"ceph-disk trigger" invocation is currently performed in a mutually
exclusive fashion, with each call first taking an flock on the path
/var/lock/ceph-disk. On systems with a lot of osds, this leads to a
large amount of lock contention during boot-up, and can cause some
service instances to trip the 120 second timeout.
Take an flock on a device specific path instead of /var/lock/ceph-disk,
so that concurrent "ceph-disk trigger" invocations are permitted for
independent osds. This greatly reduces lock contention and consequently
the chance of service timeout. Per-device concurrency restrictions
required for http://tracker.ceph.com/issues/13160 are maintained.

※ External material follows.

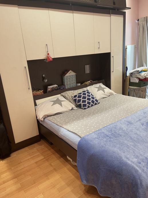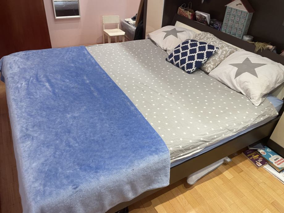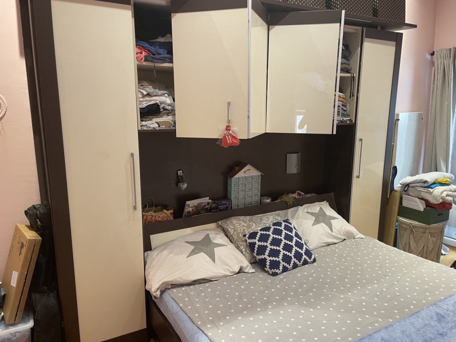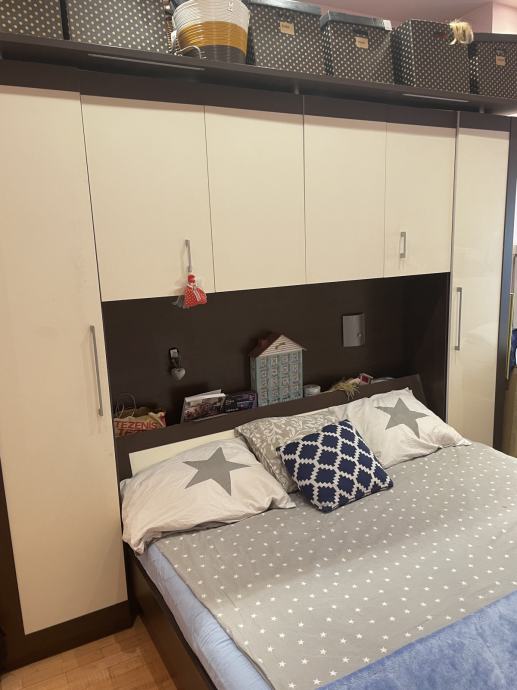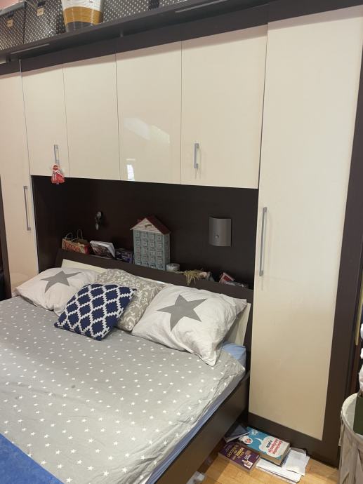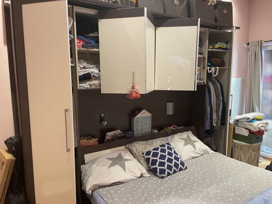 Prodajem spavaću sobu; krevet, povezani ormari s mostom.

Fixes: http://tracker.ceph.com/issues/18049
Signed-off-by: David Disseldorp <ddiss@suse.de>
[Service]
Type=oneshot
KillMode=none
-ExecStart=/bin/sh -c 'timeout 120 flock /var/lock/ceph-disk /usr/sbin/ceph-disk --verbose --log-stdout trigger --sync %f'
+ExecStart=/bin/sh -c 'timeout 120 flock /var/lock/ceph-disk-$(basename %f) /usr/sbin/ceph-disk --verbose --log-stdout trigger --sync %f'
TimeoutSec=0